I've just been confined to a wheelchair and so I'm going to take up woodworking again which I stopped doing as a hobby nearly 20 years ago. I'll be making small things as my space and ability to handle large pieces are limited.

One of the things I always wanted to do is spirals, largely for decoration on clocks, and I nearly bought a Trend Router lathe before I stopped. So, may I throw a bunch of questions at you in the hope this thread is still being visited?

Doe the Trend Router Lathe or something like it still in existence?

Could you cut spirals on a metalworking lathe that can cut threads?

Could you lash a dremel-type mini router to the tool post of a metal working lathe? This is of particular interest because I seem to remember the router lathe could cut lovely hollow spirals with a deep cut.

Anyhow, any advice would be greatly appreciated.


----------



## timber (22 Apr 2017)

merlin777":17pyu6po said:


> I've just been confined to a wheelchair and so I'm going to take up woodworking again which I stopped doing as a hobby nearly 20 years ago. I'll be making small things as my space and ability to handle large pieces are limited.
> 
> One of the things I always wanted to do is spirals, largely for decoration on clocks, and I nearly bought a Trend Router lathe before I stopped. So, may I throw a bunch of questions at you in the hope this thread is still being visited?
> 
> ...



I have a Legacy Ornamental Lathe, I am not good enough to tackle something like that But the LOM is more than capable of doing that, with the right cutters. The old Trend router lathe only did one pitch /spiral and no way of doing more.
On the http://www.woodworkuk.co.uk/forum/index.php JFC has one he is Near London

Timber


----------



## Walney Col (22 Apr 2017)

I recently made this 
[youtube]tAm4AygzWpY[/youtube]
I think the phsical demans might be a bit much for you but maybe it'll give you some ideas.
Col.


----------



## Inspector (23 Apr 2017)

Maybe too small for what you want. Beall Pen Wizard uses a Dremel for cutting.

http://www.bealltool.com/products/penwizard/penwiz.php

http://www.toolpost.co.uk/pages/Chucks_ ... izard.html

With a metal lathe, unless you can modify the gearing for the carriage, you are limited to maybe 8 threads per inch or finer, possible 4 on a bigger machine. CNC lathes or a milling machine with a 4th rotary axis can also cut spirals.

Pete

Bill Ooms has a CNC ornamental lathe that might be of interest to you.

http://www.billooms.com/index.html


----------



## J-G (23 Apr 2017)

Inspector":1tg1898m said:


> With a metal lathe, unless you can modify the gearing for the carriage, you are limited to maybe 8 threads per inch or finer, possible 4 on a bigger machine. CNC lathes or a milling machine with a 4th rotary axis can also cut spirals.

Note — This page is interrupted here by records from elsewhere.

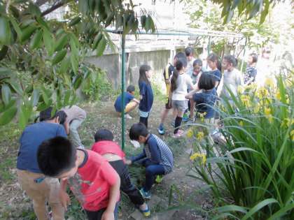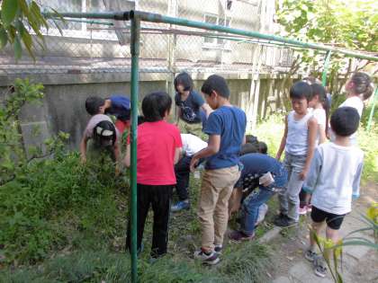 雑草が生い茂っていたため,ビオトープの草むしりをしました。頑張ってくれた4年生のおかげですっきりしました。
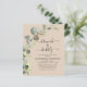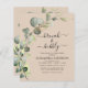 Budget Brunch and Bubbly Eucalyptus Terracotta Greenery Succulent Botanical Watercolor Emerald Green Spring Wedding Bridal Shower Invitations on white background - includes beautiful and elegant script typography with modern botanical leaves and greenery for the special Bride to Be celebration.
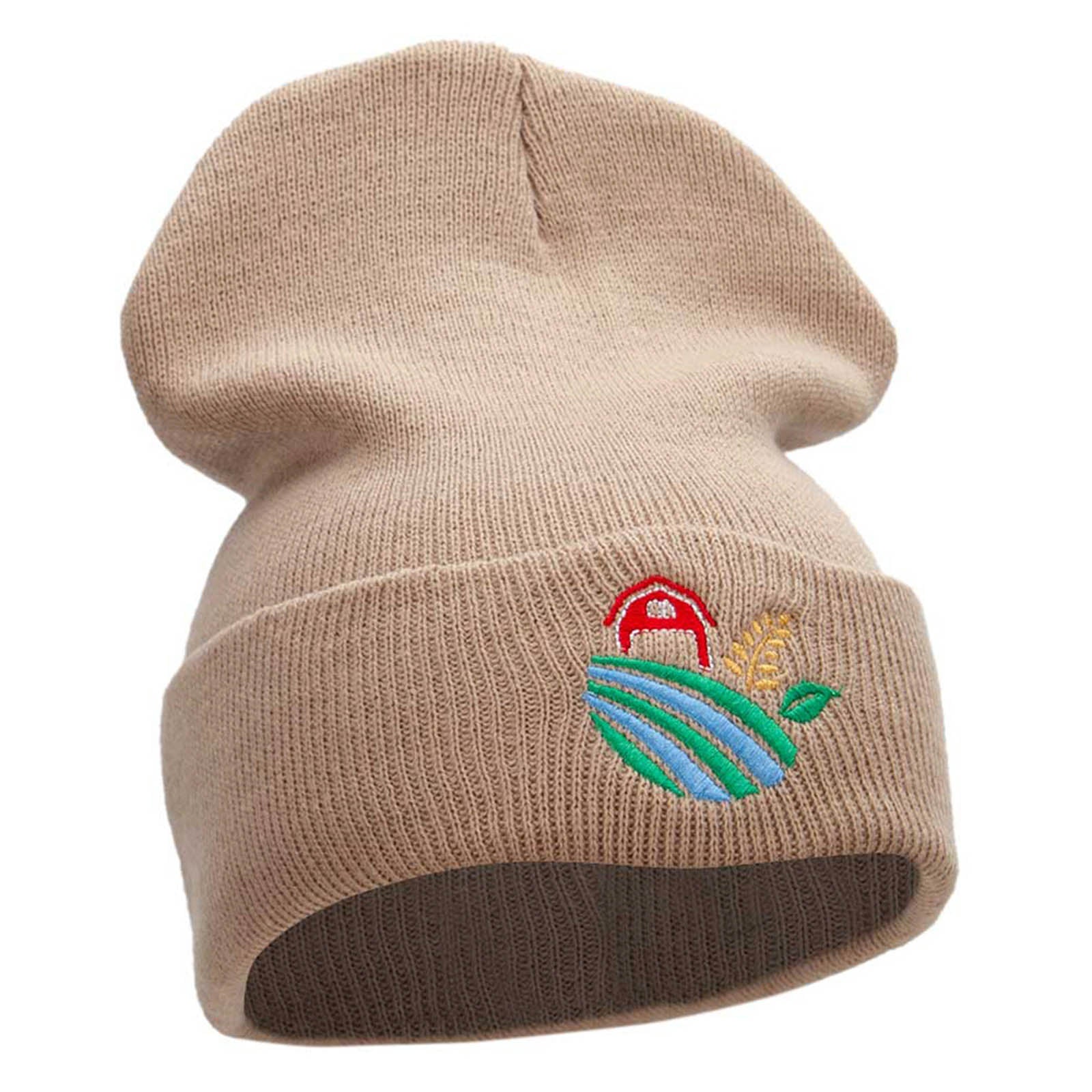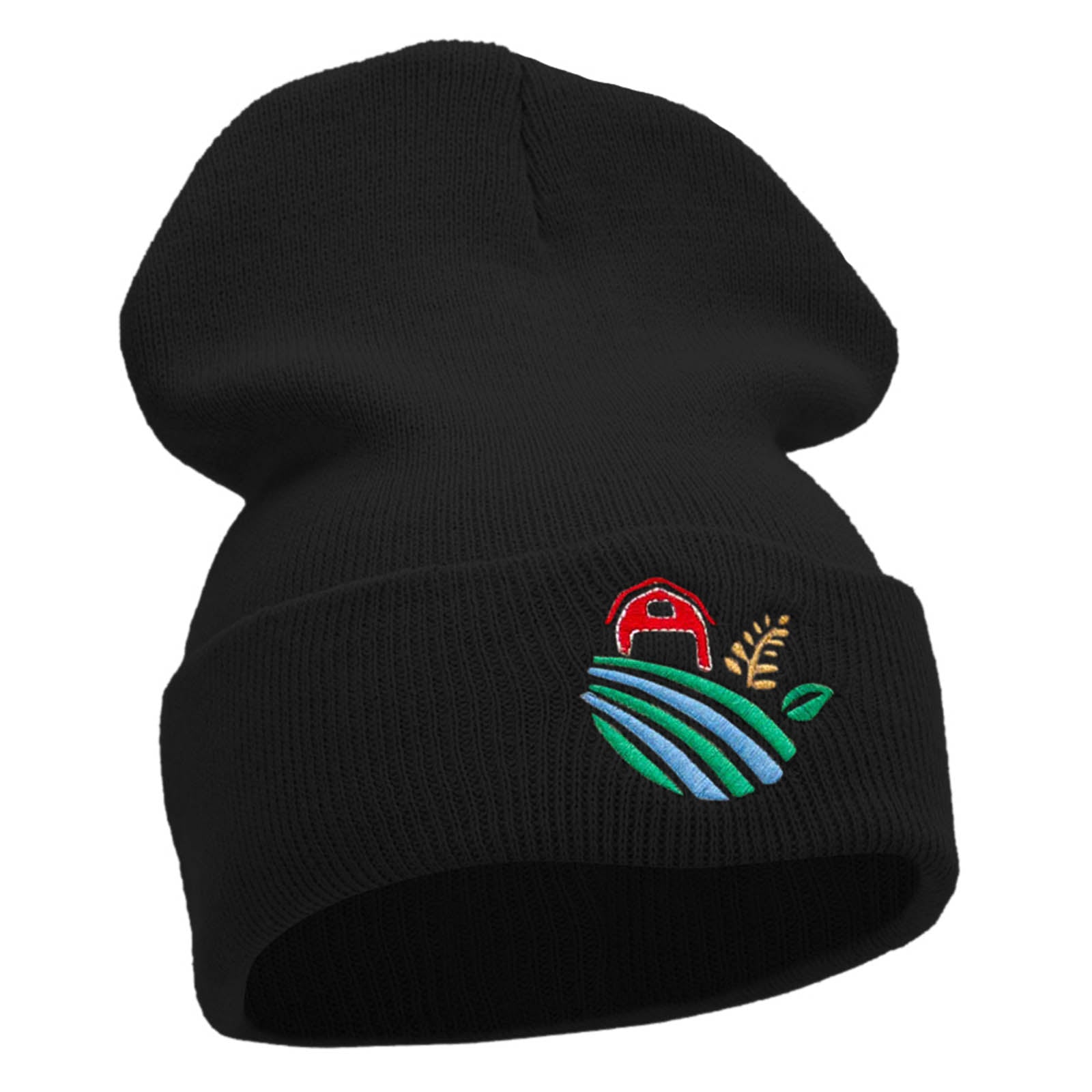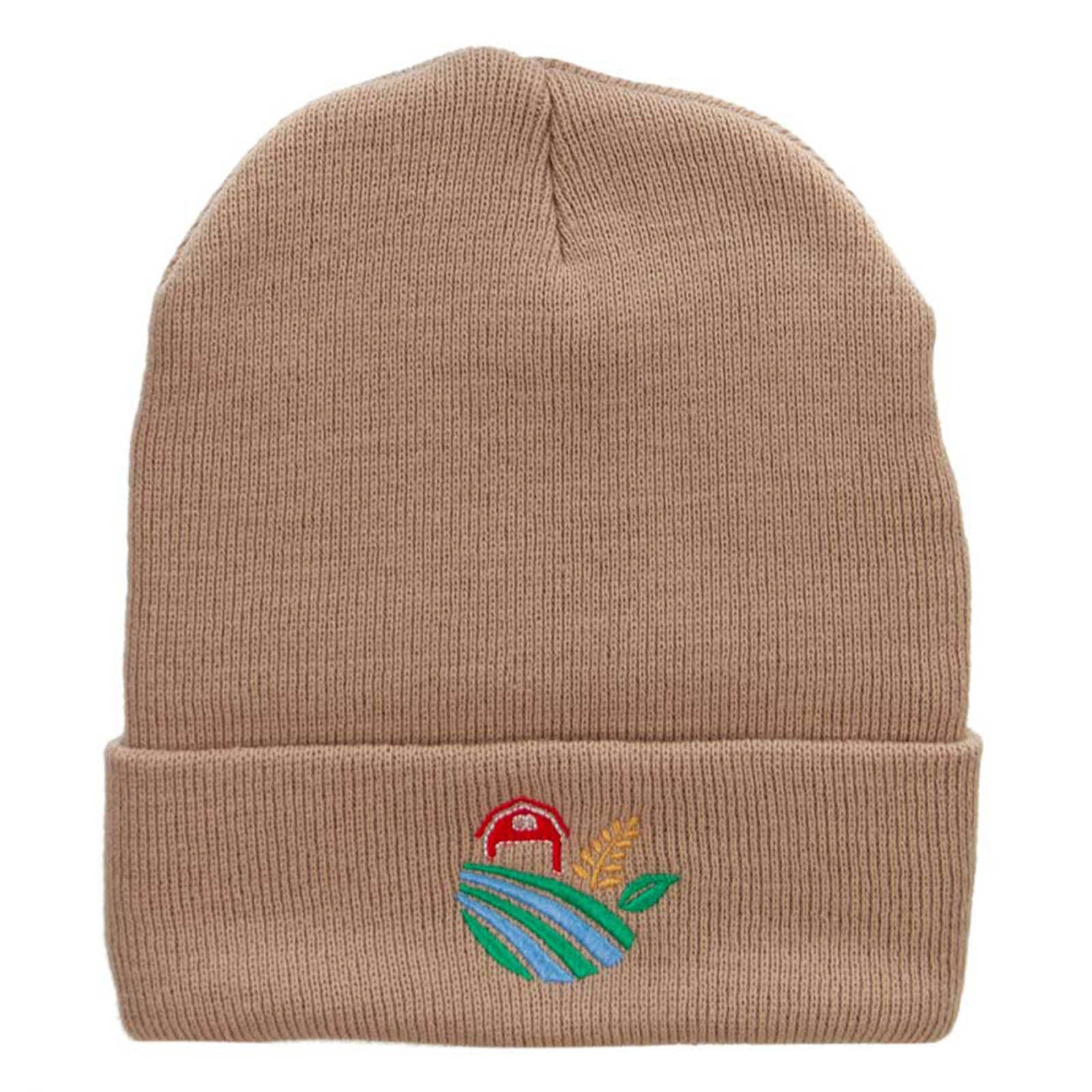 Product Origin, Farm Scape Embroidered 12 Inch Solid Long Beanie Made in USA

I've been through this thought process and actually made a modified gearing unit for my Myford Super 7.

It uses a Dremel attached to the tool-post as the cutting head and was only marginally successful. The major problem is naturally that the very high gearing needed for (say) 2" (50mm) or even 1" (25mm) pitch, you need a wormwheel in the equation. This then dictates that you cannot drive the spindle with the normal motor - it must be driven from the lead-screw.

I've put three files on my website - http://www.crescentcomputing.co.uk/workshop

1 is a SketchUp model (42Mb!) of the design (you'll need SketchUp V8 or later to view it) 
2 - a photo of the finished gearing unit 
and 
3 - a photo of a part cut BarleyTwist.

With appropriate cutters in the Dremel there is no real reason why a BarleyTwist as shown in the original photo in this old thread couldn't be cut but it's not a simple "Start the Dremel, put a feed on, turn the lead-screw handle and 'Bingo' you have a BarleyTwist".


----------